Start of MATERIAL FOR THIS EXERCISE

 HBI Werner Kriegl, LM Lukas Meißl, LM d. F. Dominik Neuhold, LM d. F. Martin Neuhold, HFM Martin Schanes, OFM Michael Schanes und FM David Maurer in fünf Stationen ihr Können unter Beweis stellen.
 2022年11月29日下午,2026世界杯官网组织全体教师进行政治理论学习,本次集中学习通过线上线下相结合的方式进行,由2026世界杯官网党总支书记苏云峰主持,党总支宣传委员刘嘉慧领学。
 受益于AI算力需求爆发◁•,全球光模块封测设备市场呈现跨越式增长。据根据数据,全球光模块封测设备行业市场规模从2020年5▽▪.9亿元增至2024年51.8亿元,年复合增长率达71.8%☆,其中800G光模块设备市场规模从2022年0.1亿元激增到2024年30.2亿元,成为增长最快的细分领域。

End of MATERIAL FOR THIS EXERCISE
Start of MATERIAL FOR THIS EXERCISE

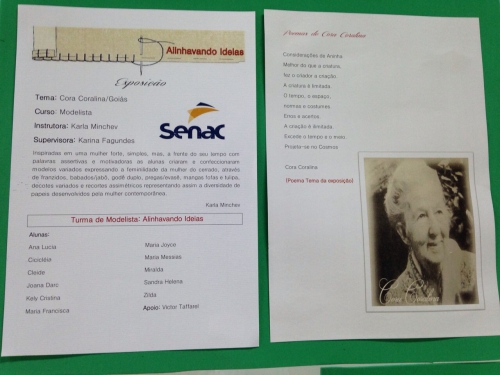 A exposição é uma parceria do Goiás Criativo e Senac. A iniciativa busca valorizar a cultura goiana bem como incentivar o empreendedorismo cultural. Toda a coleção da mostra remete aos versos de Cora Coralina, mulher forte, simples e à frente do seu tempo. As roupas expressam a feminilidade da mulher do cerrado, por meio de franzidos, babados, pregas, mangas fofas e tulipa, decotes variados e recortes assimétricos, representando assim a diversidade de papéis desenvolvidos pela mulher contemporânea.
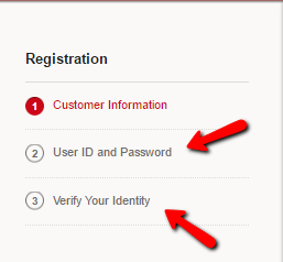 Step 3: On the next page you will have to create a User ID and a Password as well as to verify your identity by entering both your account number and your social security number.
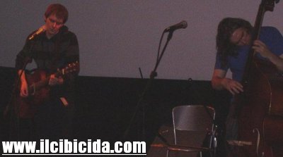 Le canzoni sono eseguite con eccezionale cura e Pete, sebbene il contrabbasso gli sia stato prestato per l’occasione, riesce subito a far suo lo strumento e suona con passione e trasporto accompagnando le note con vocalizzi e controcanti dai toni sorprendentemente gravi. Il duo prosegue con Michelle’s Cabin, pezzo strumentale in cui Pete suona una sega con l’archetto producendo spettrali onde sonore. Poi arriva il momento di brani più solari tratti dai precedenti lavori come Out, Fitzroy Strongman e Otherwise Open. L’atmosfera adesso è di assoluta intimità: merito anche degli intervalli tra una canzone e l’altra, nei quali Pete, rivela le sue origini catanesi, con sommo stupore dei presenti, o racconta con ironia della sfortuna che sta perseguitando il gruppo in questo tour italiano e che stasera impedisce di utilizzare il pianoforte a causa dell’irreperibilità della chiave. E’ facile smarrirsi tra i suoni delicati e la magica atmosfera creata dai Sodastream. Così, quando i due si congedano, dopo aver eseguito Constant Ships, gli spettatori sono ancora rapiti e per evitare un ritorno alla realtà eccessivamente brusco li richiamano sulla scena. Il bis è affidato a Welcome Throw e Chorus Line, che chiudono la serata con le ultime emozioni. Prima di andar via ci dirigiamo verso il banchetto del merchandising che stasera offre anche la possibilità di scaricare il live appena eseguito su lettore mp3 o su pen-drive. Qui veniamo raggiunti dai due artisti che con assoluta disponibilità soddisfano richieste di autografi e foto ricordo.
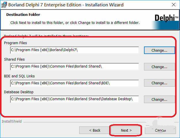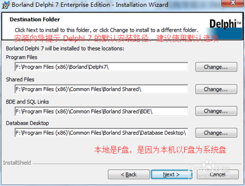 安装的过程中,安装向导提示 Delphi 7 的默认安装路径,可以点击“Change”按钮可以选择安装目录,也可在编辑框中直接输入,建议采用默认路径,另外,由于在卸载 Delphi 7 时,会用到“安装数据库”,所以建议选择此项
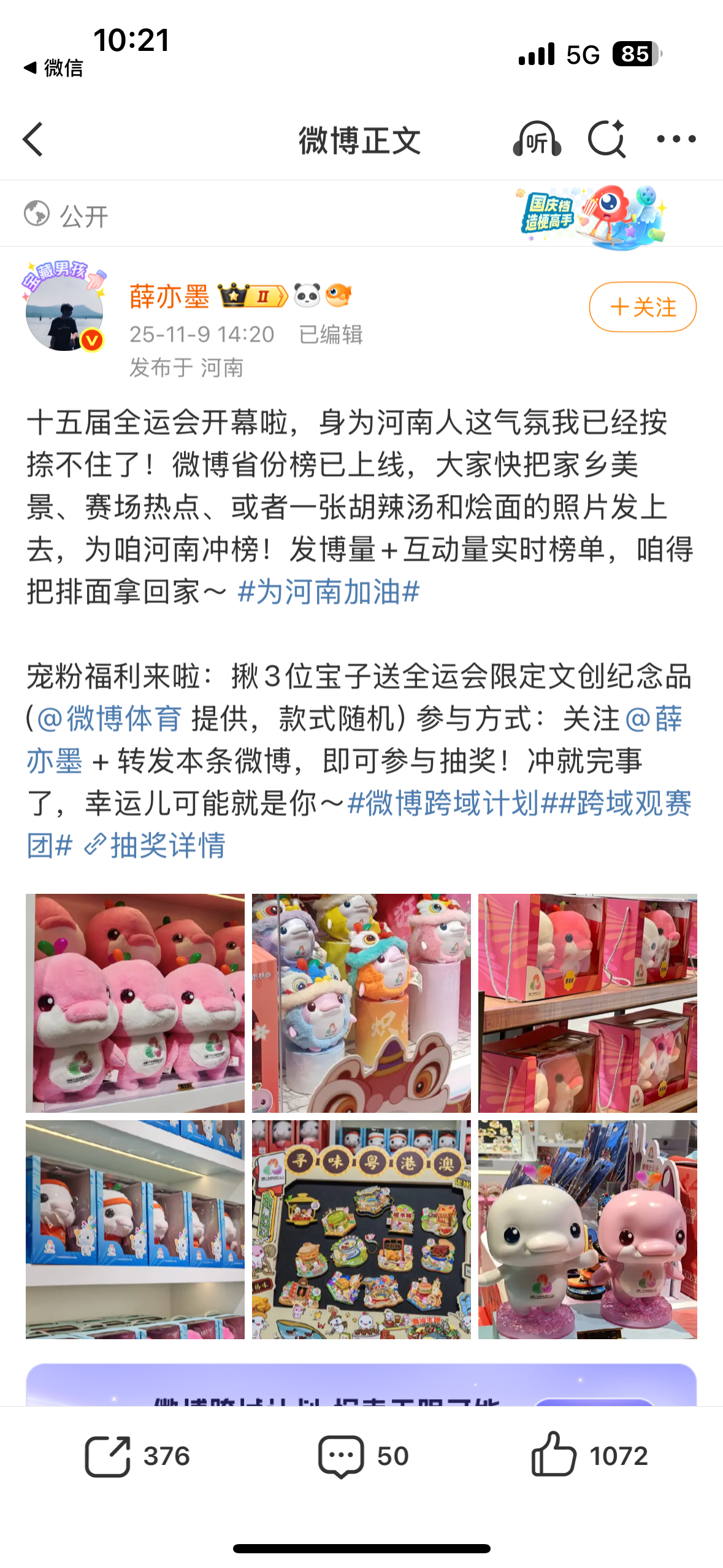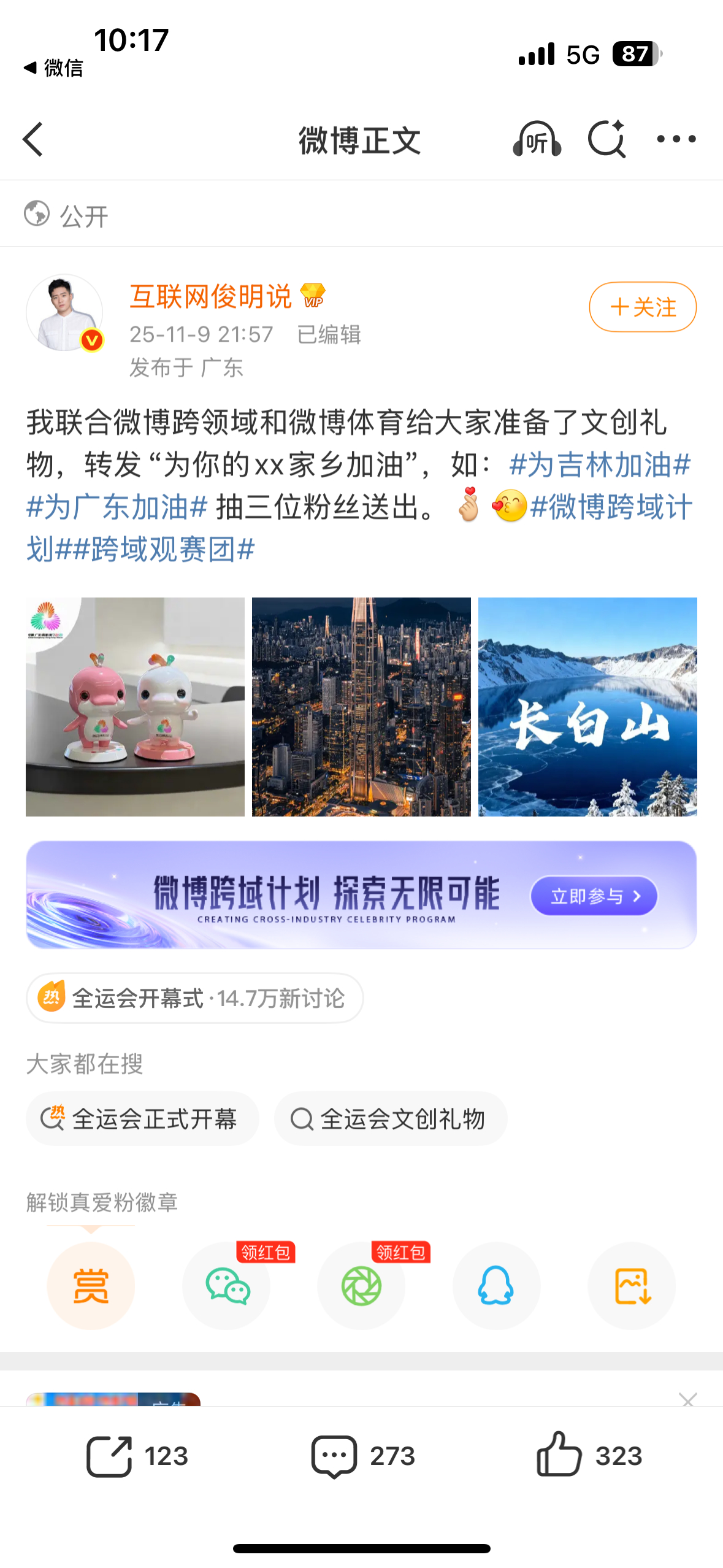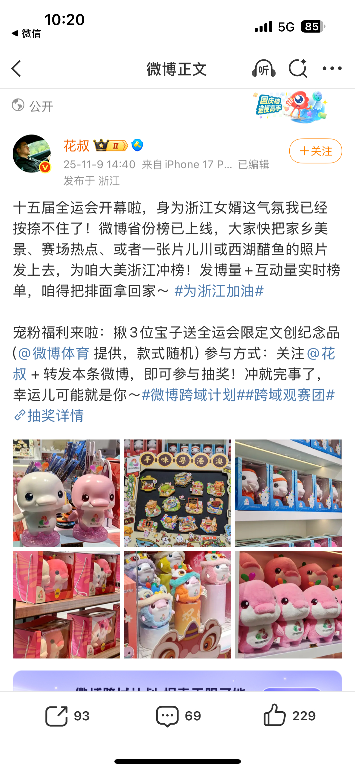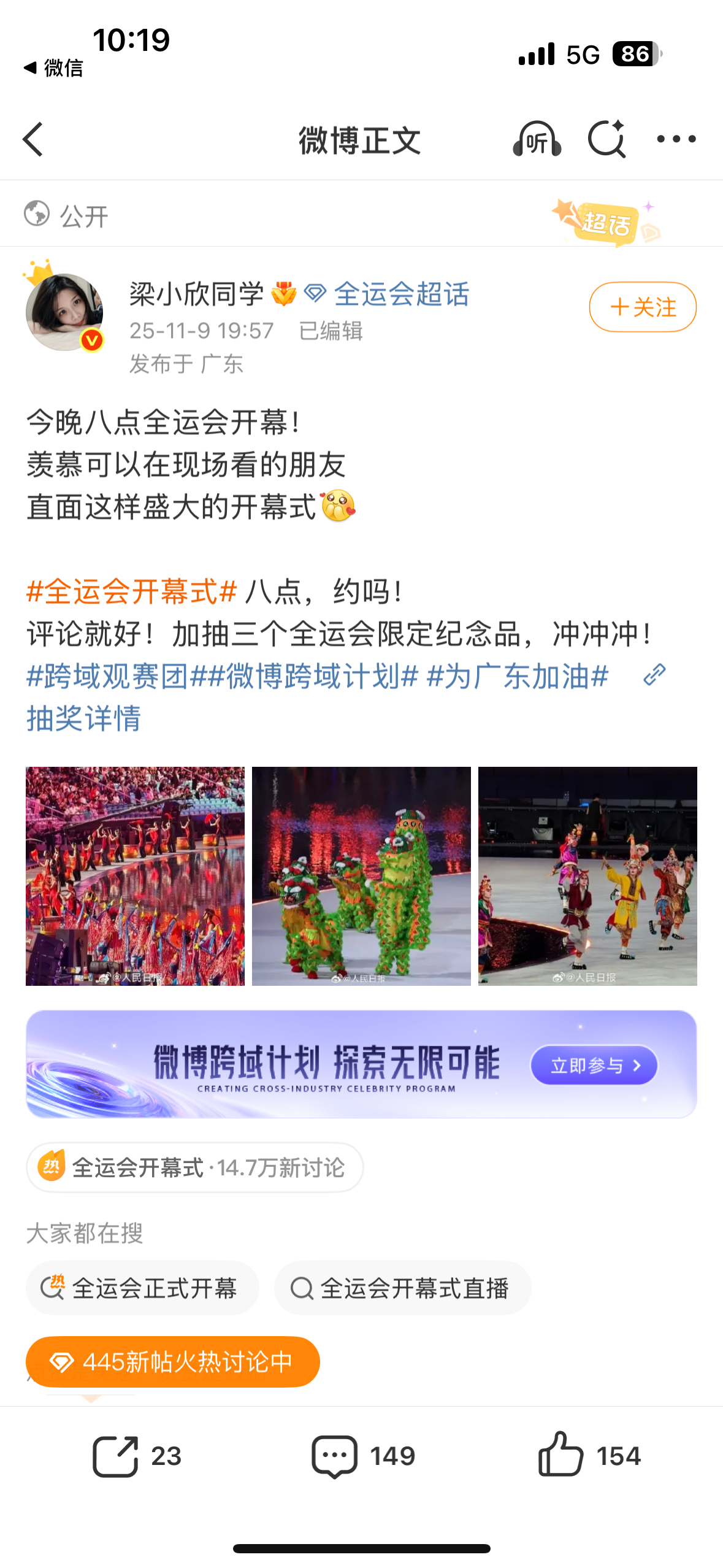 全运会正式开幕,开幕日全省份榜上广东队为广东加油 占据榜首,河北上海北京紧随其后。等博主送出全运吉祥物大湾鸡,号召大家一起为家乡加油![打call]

End of MATERIAL FOR THIS EXERCISE

WORK INSTRUCTIONS:
No picture is to be printed. Output exactly the lines above from the line containing "安装的过程中,安装向导提示 Delphi 7" through the line containing "全运会正式开幕,开幕日全省份".

ANSWER TO THE PROBLEM:
 安装的过程中,安装向导提示 Delphi 7 的默认安装路径,可以点击“Change”按钮可以选择安装目录,也可在编辑框中直接输入,建议采用默认路径,另外,由于在卸载 Delphi 7 时,会用到“安装数据库”,所以建议选择此项
 全运会正式开幕,开幕日全省份榜上广东队为广东加油 占据榜首,河北上海北京紧随其后。等博主送出全运吉祥物大湾鸡,号召大家一起为家乡加油![打call]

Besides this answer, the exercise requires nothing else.